Instructions to follow
Print out the data precisely as it appears here, with no pictures.

Source data

-=-=-=-=-

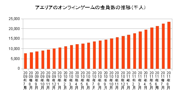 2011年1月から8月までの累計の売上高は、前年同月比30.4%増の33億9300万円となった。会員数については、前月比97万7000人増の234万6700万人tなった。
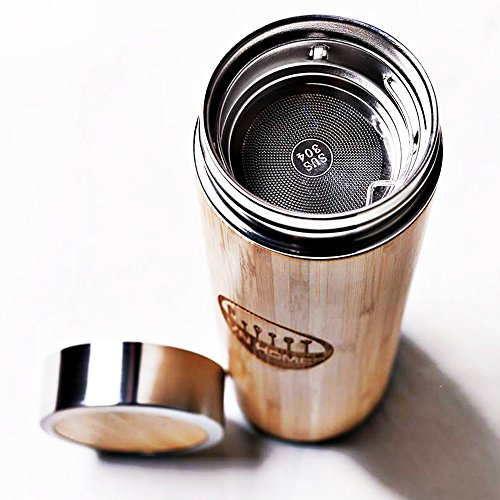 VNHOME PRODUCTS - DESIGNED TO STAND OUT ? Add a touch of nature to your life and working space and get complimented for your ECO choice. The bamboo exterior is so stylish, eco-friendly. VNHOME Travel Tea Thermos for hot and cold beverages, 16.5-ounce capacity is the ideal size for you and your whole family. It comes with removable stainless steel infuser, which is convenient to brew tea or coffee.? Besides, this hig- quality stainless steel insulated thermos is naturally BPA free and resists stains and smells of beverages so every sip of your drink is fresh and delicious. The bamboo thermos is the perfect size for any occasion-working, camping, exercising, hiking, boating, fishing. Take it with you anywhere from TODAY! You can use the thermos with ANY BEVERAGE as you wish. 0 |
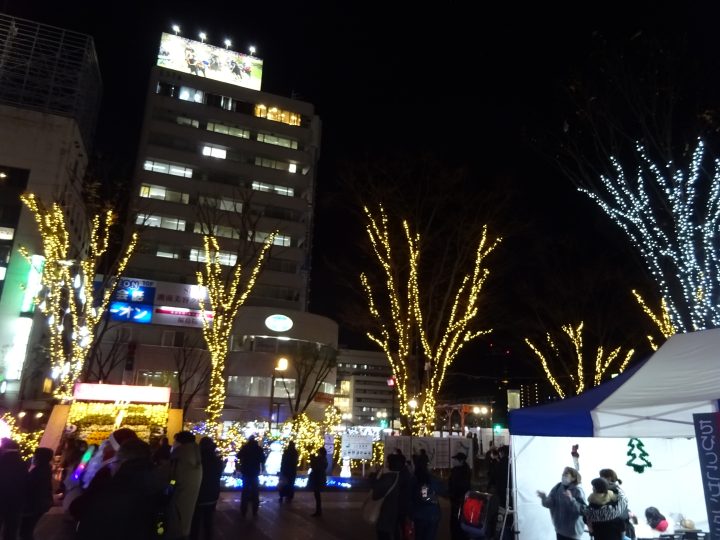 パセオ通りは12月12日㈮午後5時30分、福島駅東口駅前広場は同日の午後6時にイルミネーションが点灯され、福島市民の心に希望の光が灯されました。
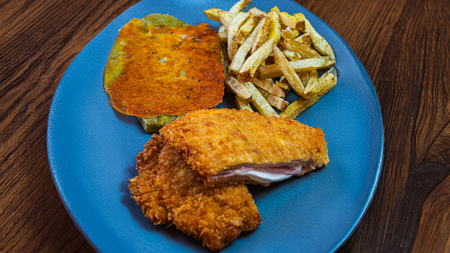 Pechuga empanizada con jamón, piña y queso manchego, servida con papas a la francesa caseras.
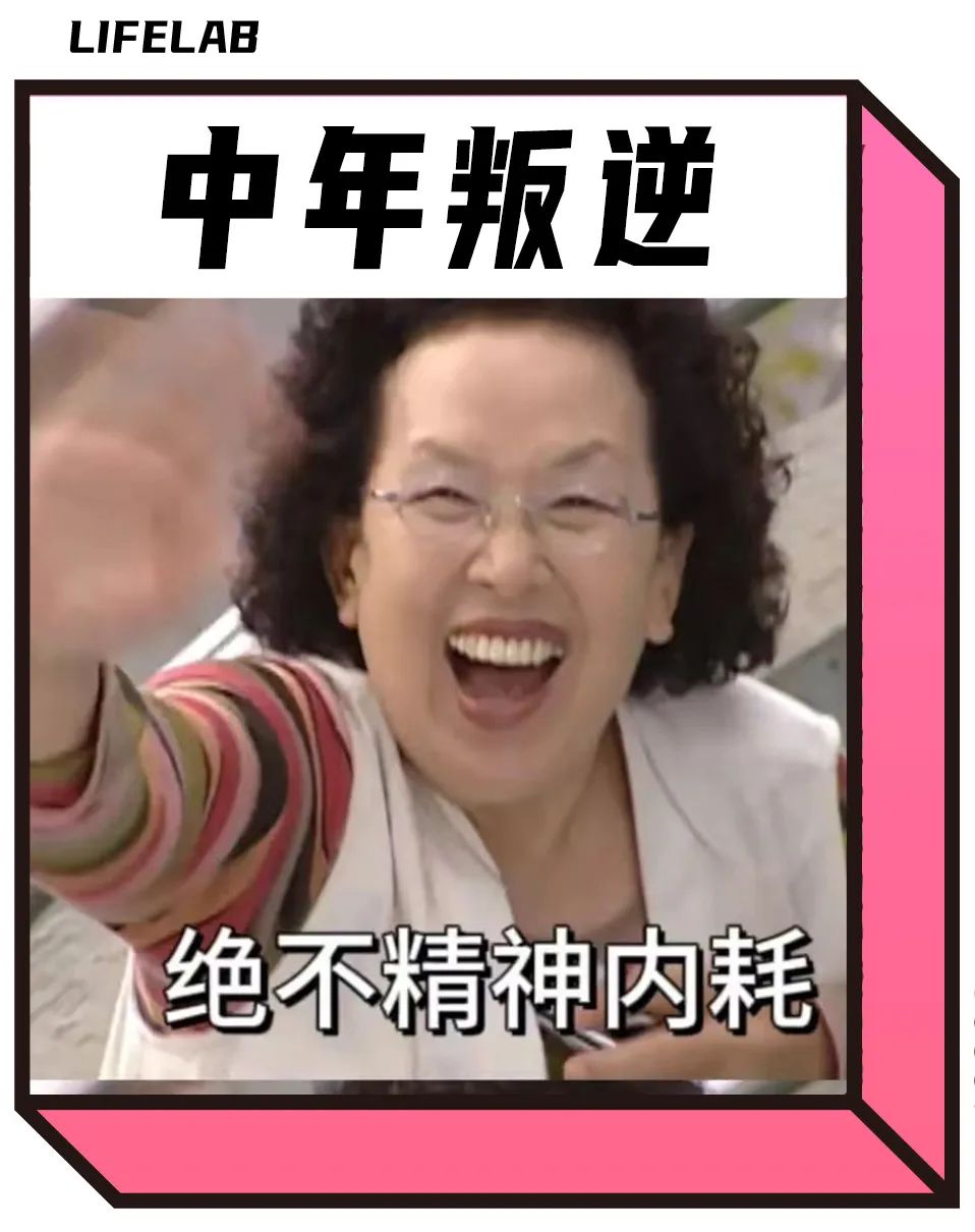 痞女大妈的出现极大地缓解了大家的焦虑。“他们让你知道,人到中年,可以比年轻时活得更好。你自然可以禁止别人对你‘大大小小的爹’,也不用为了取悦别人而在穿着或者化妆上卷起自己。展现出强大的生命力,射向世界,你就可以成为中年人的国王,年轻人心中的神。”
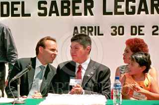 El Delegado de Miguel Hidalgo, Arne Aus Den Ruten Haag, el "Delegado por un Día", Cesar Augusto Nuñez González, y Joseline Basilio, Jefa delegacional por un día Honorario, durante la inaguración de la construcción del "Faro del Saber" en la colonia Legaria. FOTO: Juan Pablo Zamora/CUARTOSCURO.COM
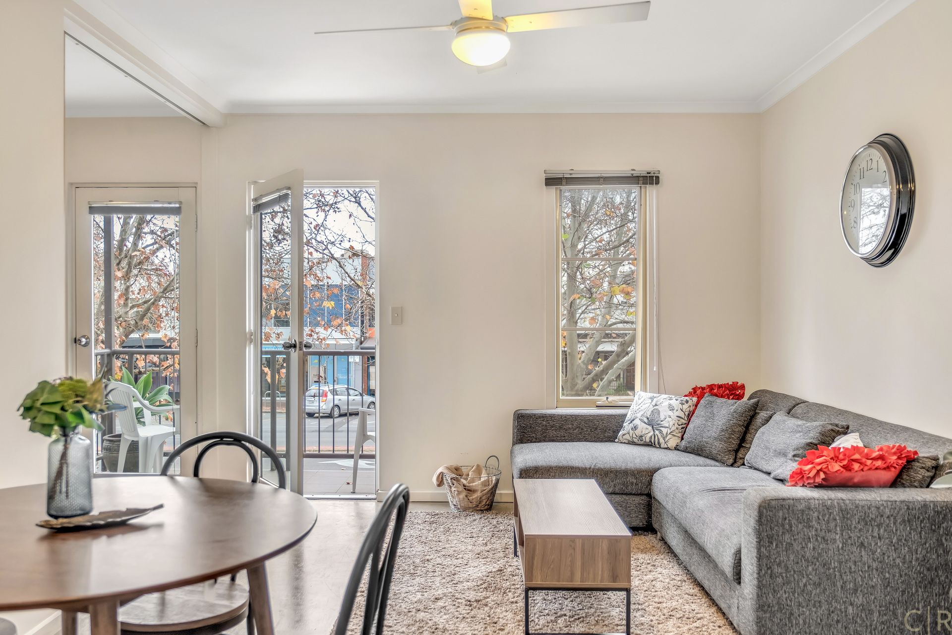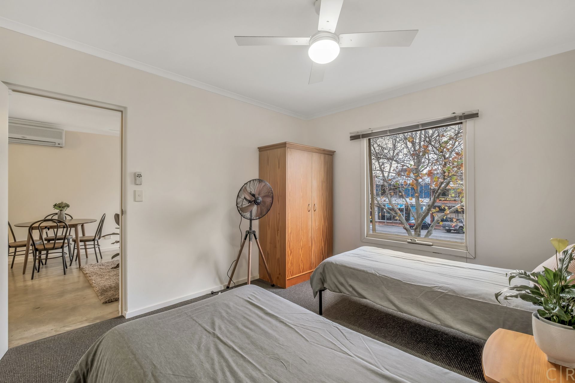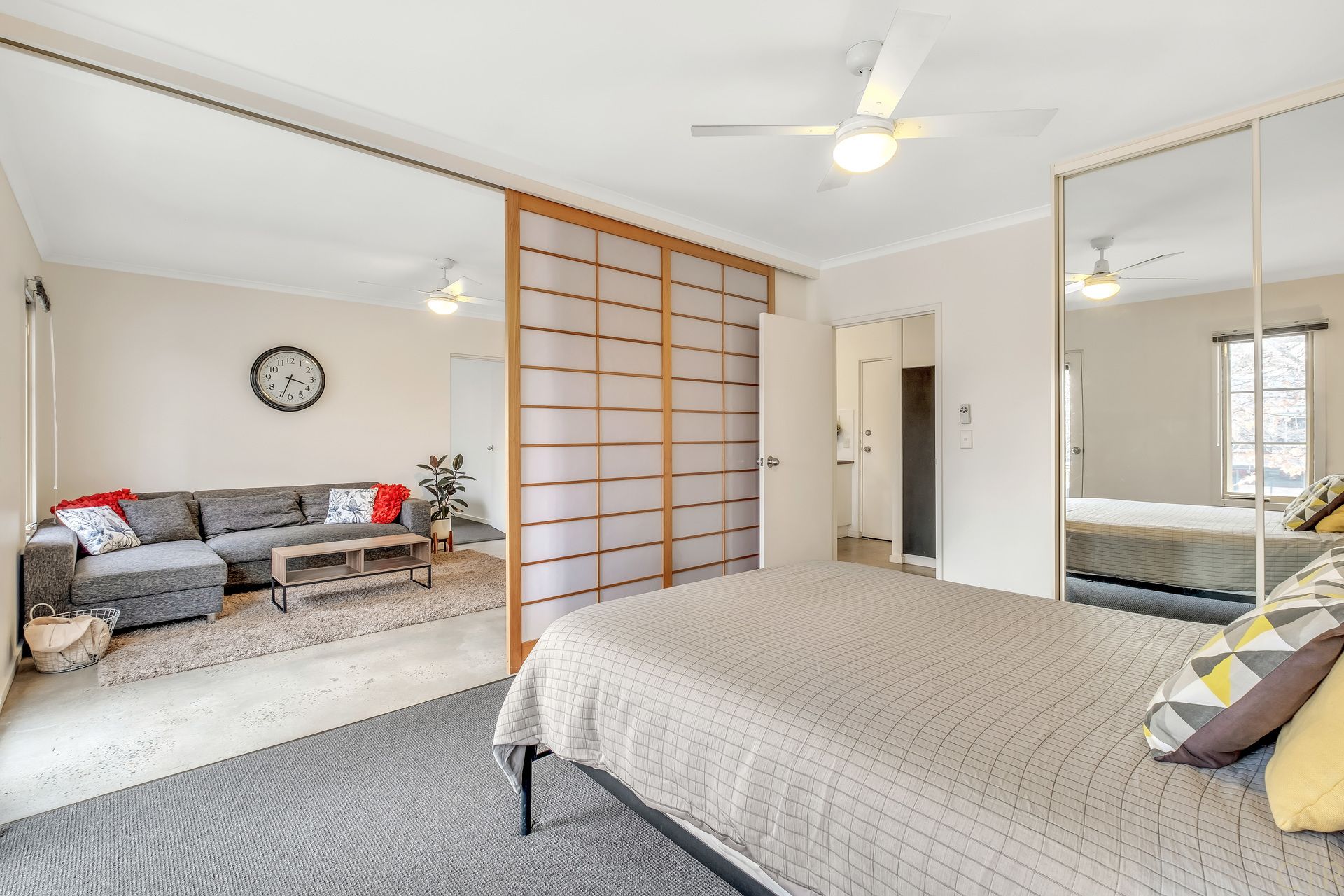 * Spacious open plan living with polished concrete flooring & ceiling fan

-=-=-=-=-

Task result
 2011年1月から8月までの累計の売上高は、前年同月比30.4%増の33億9300万円となった。会員数については、前月比97万7000人増の234万6700万人tなった。
 VNHOME PRODUCTS - DESIGNED TO STAND OUT ? Add a touch of nature to your life and working space and get complimented for your ECO choice. The bamboo exterior is so stylish, eco-friendly. VNHOME Travel Tea Thermos for hot and cold beverages, 16.5-ounce capacity is the ideal size for you and your whole family. It comes with removable stainless steel infuser, which is convenient to brew tea or coffee.? Besides, this hig- quality stainless steel insulated thermos is naturally BPA free and resists stains and smells of beverages so every sip of your drink is fresh and delicious. The bamboo thermos is the perfect size for any occasion-working, camping, exercising, hiking, boating, fishing. Take it with you anywhere from TODAY! You can use the thermos with ANY BEVERAGE as you wish. 0 |
 パセオ通りは12月12日㈮午後5時30分、福島駅東口駅前広場は同日の午後6時にイルミネーションが点灯され、福島市民の心に希望の光が灯されました。
 Pechuga empanizada con jamón, piña y queso manchego, servida con papas a la francesa caseras.
 痞女大妈的出现极大地缓解了大家的焦虑。“他们让你知道,人到中年,可以比年轻时活得更好。你自然可以禁止别人对你‘大大小小的爹’,也不用为了取悦别人而在穿着或者化妆上卷起自己。展现出强大的生命力,射向世界,你就可以成为中年人的国王,年轻人心中的神。”
 El Delegado de Miguel Hidalgo, Arne Aus Den Ruten Haag, el "Delegado por un Día", Cesar Augusto Nuñez González, y Joseline Basilio, Jefa delegacional por un día Honorario, durante la inaguración de la construcción del "Faro del Saber" en la colonia Legaria. FOTO: Juan Pablo Zamora/CUARTOSCURO.COM
 * Spacious open plan living with polished concrete flooring & ceiling fan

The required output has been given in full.